I did NOT carry a watermelon

I would like to report that Donald Miller and I are BFFs and that he invited us to climb Mt. Hood with him this summer.

Or maybe that part happened after I finally got to go to bed on Tuesday night.

I do think we could be BFFs, though. If I ever could think of something coherent to say to him.

After partaking in Taco Tuesday at Tijuana Flats, a small group (eight) of us climbed the stairs to Rocketown about 15 minutes before "show time," to find another small group of people waiting in line. Turns out, that small group and our small group made up about half of the audience.

I felt like the show had been underpromoted, but the "crowd" of 50 was surprising. I felt a little embarrassed for South Florida, and a little sad, and a little awkward for Don because speaking in front of an uncomfortably small audience is, well, uncomfortable.

But it made it really easy to get a front row seat. I wasn't really after a front row seat, but that's where we ended up. The front row, in all of its squirmy, eye-contacty glory.

That's right. Eye contact was made. I was hoping that my eye contact said "I think your writing is brilliant and I really appreciate you being a voice for this segment of our generation who is learning how to merge our evangelical upbringing with the actual teachings of Jesus and thank you for inspiring me as a writer and a Christian to hope for something bigger..." but I think it probably said something more along the lines of "I really need to switch my crossed legs again but will that distract you and can you tell that I am actually shivering because it is so bloody cold in here?"

His presentation was, in my opinion, pretty incredible. I know he's been touring and giving the same talk every night so he's had time to perfect it, but from a technical standpoint, it was one of the most well-crafted lectures I have ever heard. His books do the same thing - he has this way of jumping all over the place and bringing it all back together, like putting a puzzle together in chunks and letting you find that last, connecting piece under the table.

For example, about halfway through the lecture after several anecdotes and inspiring little soundbites (which caused me to wish that I was taking notes, and then to be self conscious about the fact that I was in the front row NOT taking notes, and then to wonder if the people in Portland take notes and we really were the ignorant South Floridians that he was kind of joking about us being), it became apparent that he was presenting the Gospel. Using the elements of story, he made a case for Christianity that was interesting, engaging, relateable, funny and pretty indisputable. None of this "I'm going to tell them what I'm going to tell them, then I'm going to tell them, then I'm going to tell them what I told them." And it was completely, believably authentic, which was my favorite part. I love the idea that someday we'll see Don again, when the Story reaches its climax.

Because we were such a small group, he opened it up for Q&A. In the absence of paper and pen, my sleepy, starstruck, writer's brain could not formulate a question in time to be confident enough that it would come out coherently.

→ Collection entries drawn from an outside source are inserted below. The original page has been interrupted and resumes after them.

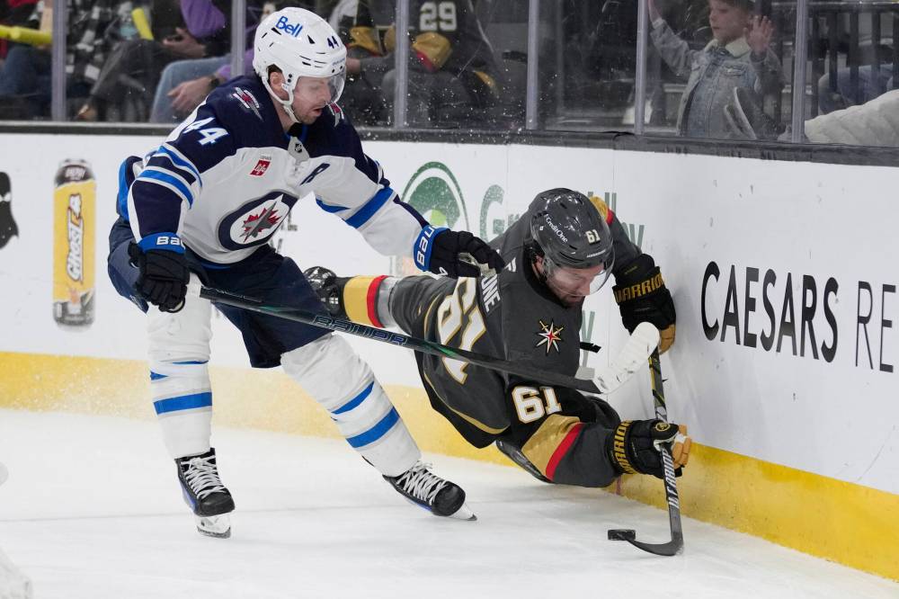 Winnipeg Jets defenceman Josh Morrissey (44) checks Vegas Golden Knights right wing Mark Stone (61) during the second period of an April 2025 game in Las Vegas. Both are set to represent Team Canada at the Olympics.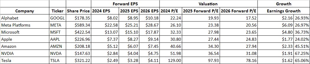 Based on the forward earnings estimates, GOOGL looks extremely undervalued. GOOGL is expected to generate $8.02 in EPS for their 2024 fiscal year, which is projected to increase by 26.93% over the next 2 years to $10.18. GOOGL is trading at 22.24 times 2024 earnings and 17.52 times 2026 earnings. These are the lowest valuations in the Magnificent Seven, and GOOGL is trading at almost half the average 2026 forward P/E of 31.96. Apple (AAPL) is trading at 30.80 times 2024 earnings and 24.83 times 2026 earrings, with 24.02% EPS growth on the horizon. Investors can get more growth at a better valuation by investing in GOOGLE rather than AAPL at these levels.
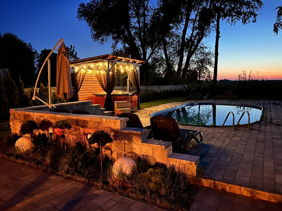 Cudowne,klimatyczne i wspaniałe miejsce. Już mamy zarezerwowany kolejny pobyt. Prywatność, intymność,za płotem stado koni. Piękny domek,cudowny basen i pięknie zorganizowane podwórko z trampolina i placem zabaw.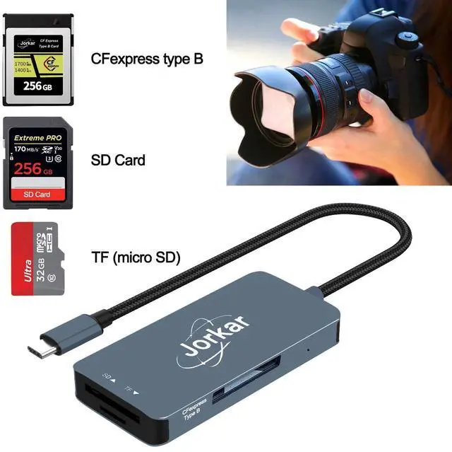 Jorkar CFexpress Type B Card Reader 10Gbps, 3 in 1 Type-B & SD & Micro SD TF Card Reader, USB C for CFE Type B Camera Memery Card Reader for Nikon Canon Panasonic (Not for XQD Card)

Then, also because we were such a small group, he treated us to some hang out time, which meant that we could sort of form a line and awkwardly hand him our books. Which we did. Here was my watermelon opportunity - but I sailed right by it. He was very gracious and truthfully, I have no idea what was actually said because I was literally so tired at this moment that I could have just laid out under his merch table and gone to sleep. I did thank him for coming, and I thanked him for signing my Blue Like Jazz book for my birthday 3 years ago, and we took a picture and it was over, stammer-free. Just like that. Not because there were a lot of other people waiting or because he shooed us along, but because I really wanted to go to bed.

I've been processing it for a few days - trying to explain and reconstruct the talk (with great difficulty - MUST remember notebook from now on) - and my main take away is that I am inspired. Inspired in the way that watching the big kids play makes you want to practice harder, so that maybe, someday, you can be a big kid too.